TASK OBJECTIVE:
Give back the listing in full and exactly, leaving out the images.

MATERIAL PROVIDED:
== Segment start ==
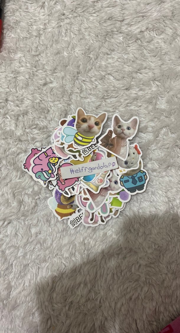 Pastel renklerde çeşitli kedi tasarımları ve eğlenceli çizimler içeren çoklu sticker seti. '#eliffgardoaP' yazılı bir sticker da bulunur.
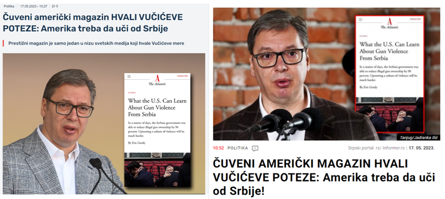 Nekoliko portala u Srbiji je danas objavilo da američki magazin The Atlantic hvali Vučića i njegove mere koje se tiču razoružavanja, nakon dva masovna ubistva u Srbiji.
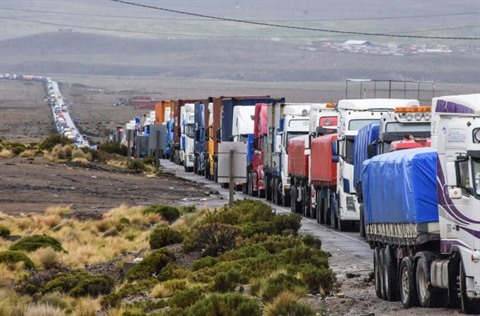 | Des camions sont alignés alors que les conducteurs font la queue pour passer un test de dépistage du COVID-19 sur l'autoroute Patacamya-Tambo Quemado à la frontière avec le Chili, Tambo Quemado, Bolivie, le 23 janvier. |
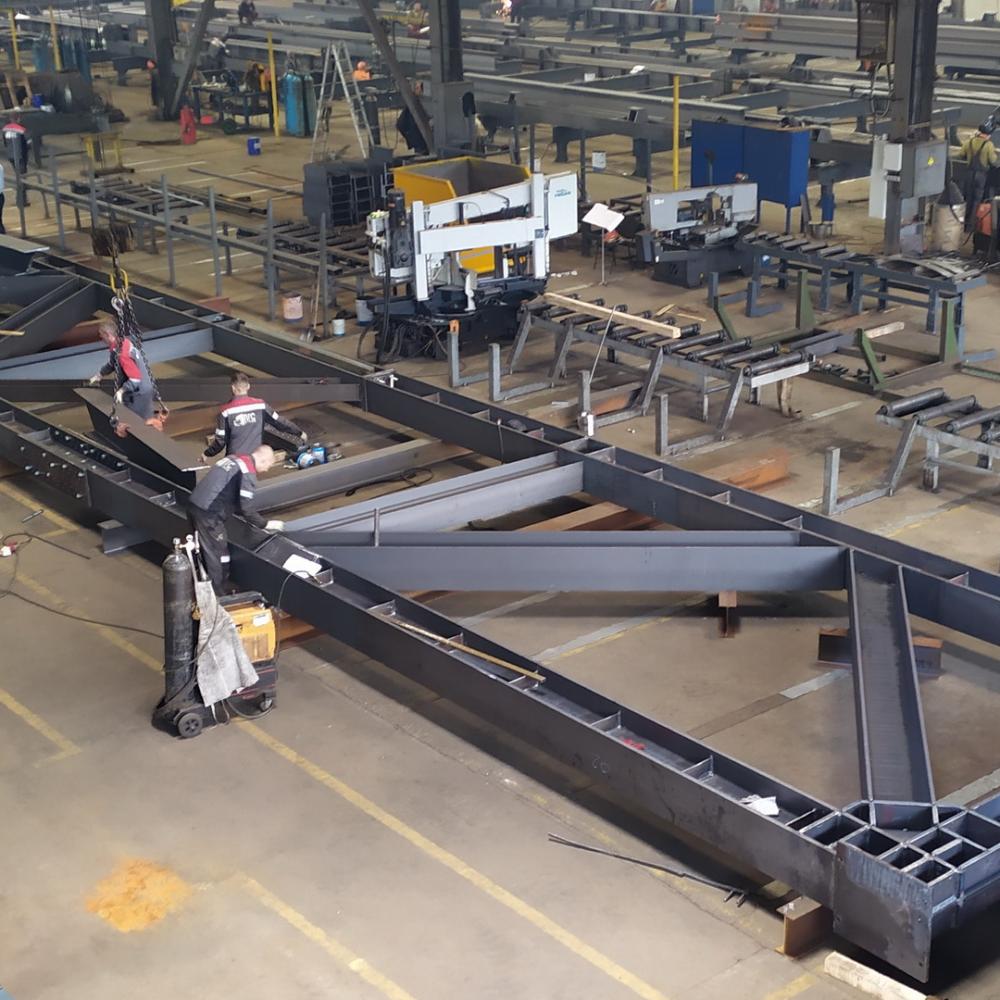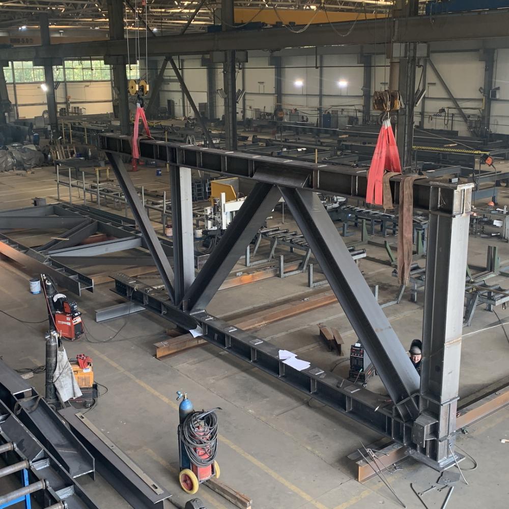 Масса одной фермы пролетом 24м составляет 25 тонн, таких ферм 2 шт и на них опираются 6 последующих этажей.
== Segment end ==
RESULT OF THIS TASK:
 Pastel renklerde çeşitli kedi tasarımları ve eğlenceli çizimler içeren çoklu sticker seti. '#eliffgardoaP' yazılı bir sticker da bulunur.
 Nekoliko portala u Srbiji je danas objavilo da američki magazin The Atlantic hvali Vučića i njegove mere koje se tiču razoružavanja, nakon dva masovna ubistva u Srbiji.
 | Des camions sont alignés alors que les conducteurs font la queue pour passer un test de dépistage du COVID-19 sur l'autoroute Patacamya-Tambo Quemado à la frontière avec le Chili, Tambo Quemado, Bolivie, le 23 janvier. |
 Масса одной фермы пролетом 24м составляет 25 тонн, таких ферм 2 шт и на них опираются 6 последующих этажей.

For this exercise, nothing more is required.